Samsung Galaxy S9
smartphoneThe world was once considered flat. As a pancake. Some cloud heads still think it is. But as we all know now, it has curves.
Samsung took that logic and applied it to their phones; where once everything was flat, now are curves. The notion didn’t quite work when the tech bods thought it would be a great idea to put a curve on our TV screens. It wasn’t. Now that fad has passed, a bit like 3D TVs sadly, and normality has resumed.
The S9 is the latest iteration in the Samsung phone club to show off its curves. Aesthetically pleasing to look at, it’s also very tactile, like a space age pebble that is impossible not to pick up and stroke. Of course it’s not that space age that all the finger smudges just float off of it, but until the day they invent either smudgeless screens or re-engineer human DNA so we have greaseless prints, it’s something we’ll just have to put up with.
With a nippy start up time, you’re soon presented with a colourful Super AMOLED display. Then you can decide how to access the phone; with your face, finger, or old school digit code.
We’ve never used our faces as passwords, and it’s a little disconcerting looking into your phone and not say “Open Sesame” at the same time, but it works. Obviously it struggles in poorly lit situations, but that’s only to be expected.
Using your finger feels a little more spy like, as if you’re accessing a network of world leaders, where you can not only access all the codes to the missiles, but, more entertainingly, their private stash of awkward selfies naked.

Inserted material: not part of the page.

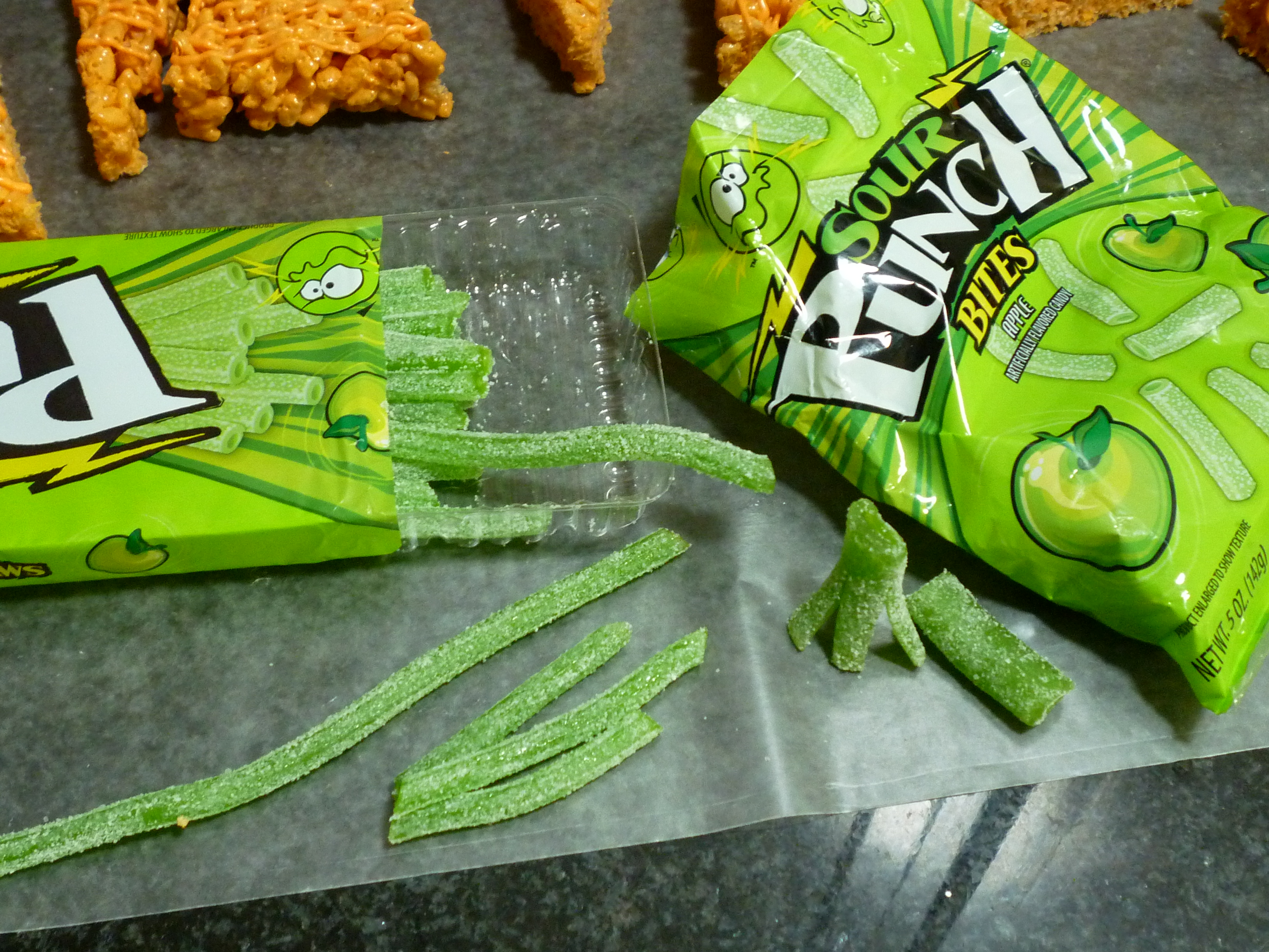 Cut the green candy into desired lengths …

A niggly design fault though, is the fact that the fingerprint reader and camera lens are located on the rear of the device, right next to each other. So when you get that ‘can’t read print’ message, you will invariably inadvertently smear grease over the camera lens in an effort to unlock the phone. This is fine if you want to achieve a soft seventies look without the need for a filter, but otherwise may need regular cleaning.
Under the bonnet, it runs an impressive Octa-core processor. So if that leaves you scratching your head, think of it this way; if your average phone has one processor, the S9 has Octa of them. It sounds like it should handle untold open apps and tasks, right? We downloaded a stupid game from the Play store, where you have to prepare food for customers. It’s not exactly Red Dead Redemption 2 on your phone, and yet the phone’s eight brains just couldn’t get their poor brains around it. With just the game open, and no other apps, the game often froze, causing stabby finger; your finger touches the screen, but nothing happens, you tap it again, a little harder, still nothing, and then you stab it like a button on a lift as if your life depended on it due to being surrounded by a swarm of zombies. Nothing.

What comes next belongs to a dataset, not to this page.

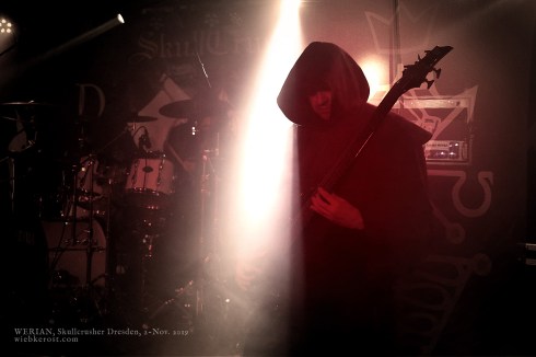 Vorab, als gebürtige Dresdnerin, die die meiste Zeit ihres Leben hier verbracht hat, aber oft ausgeschwärmt ist, um all die tollen Bands da draußen mal live zu erleben, waren diese Heimkehr und das Line-up an diesem Abend ein echtes Highlight. Was die Veranstaltung für mich noch besonderer machte, war die Tatsache, mit WERIAN zum ersten Mal eine Band fotografieren zu können, die gleichzeitig auch meine Illustrationen auf der Bühne als Stage Art verwendet. Zudem muss ich für den Skullcrusher eine Lanze brechen: es wurde vorab bestens über die Veranstaltung und den Ablauf informiert, und es gab an der Abendkasse tatsächlich noch Karten. So kamen zwei gute Freunde auch noch problemlos rein. Und zu guter letzt konnte ich, im letzten Jahr auf der Samhain Celebration in Gotha geknüpfte, Freundschaften aufwärmen. Der Skullcrusher fuhr zwar kein derartiges künstlerisches Begleitprogramm auf (diesbezüglich sind ein Event, wie das in Gotha oder die Veranstaltungen der “Funkenflug Society” in Österreich, wohl tatsächlich unvergleichlich). Dafür lag der Fokus ganz und gar auf den Bands. Und die lieferten.

We thought perhaps it was a problem with the game, but we downloaded another, a zoo sim, and had exactly the same troubles. Considering how smart this phone should be, it’s annoying then that you can’t cook up an omelette, or feed a penguin when you need to. As on the go gamers, this was a huge disappointment.

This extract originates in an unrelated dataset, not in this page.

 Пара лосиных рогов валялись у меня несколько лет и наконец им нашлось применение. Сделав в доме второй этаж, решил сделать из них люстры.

Another really annoying thing is Samsung’s bloatware; their phones are still shipping with a large number of apps already on the phone, that regardless of whether you need them or not, you’re not given an option to not have them. And getting rid of them is no easy thing. Imagine buying a new fridge and having it ‘pre-installed’ with shelf after shelf of fresh kale. No one wants that.
Using the camera was a far more pleasing experience. For the most part, we were happy with the results (see featured pics), but did find that it struggled with contrast on bright days. We hadn’t used live emoticon characters before, where the phone can actually turn you into an emoji, and it was fun to abuse them for ten minutes or so, but wouldn’t consider it reason alone to purchase.
When it came to casting video from the device to our TV however, it was surprisingly easy, despite having an older Sony TV. With just a few presses, a music video from YouTube was playing on our TV, and viewing pictures we’d taken was a breeze.
The phone also comes with its own virtual assistant, Bixby. It’s like Alexa, Cortana, Siri, etc. Etc. Many people enjoy this type of thing, personally we do not, and think if you really wanted a virtual assistant, you could just download Cortana, as the only way to differentiate them from one another are their names.
There’s no denying that the Galaxy S9 is an attractive proposition. It looks great, is an impressive size and does almost everything you would expect an expensive, high end phone to do. And yet, we didn’t fall in love with it. And as everyone knows, if you pay out a shed load of cash for a date, you expect a little love in return.
We might be just getting jaded, expecting the next big thing to be here and now. Sadly, the S9 isn’t it. It feels like the logical next step in the evolution of the series, albeit a tiny one at that.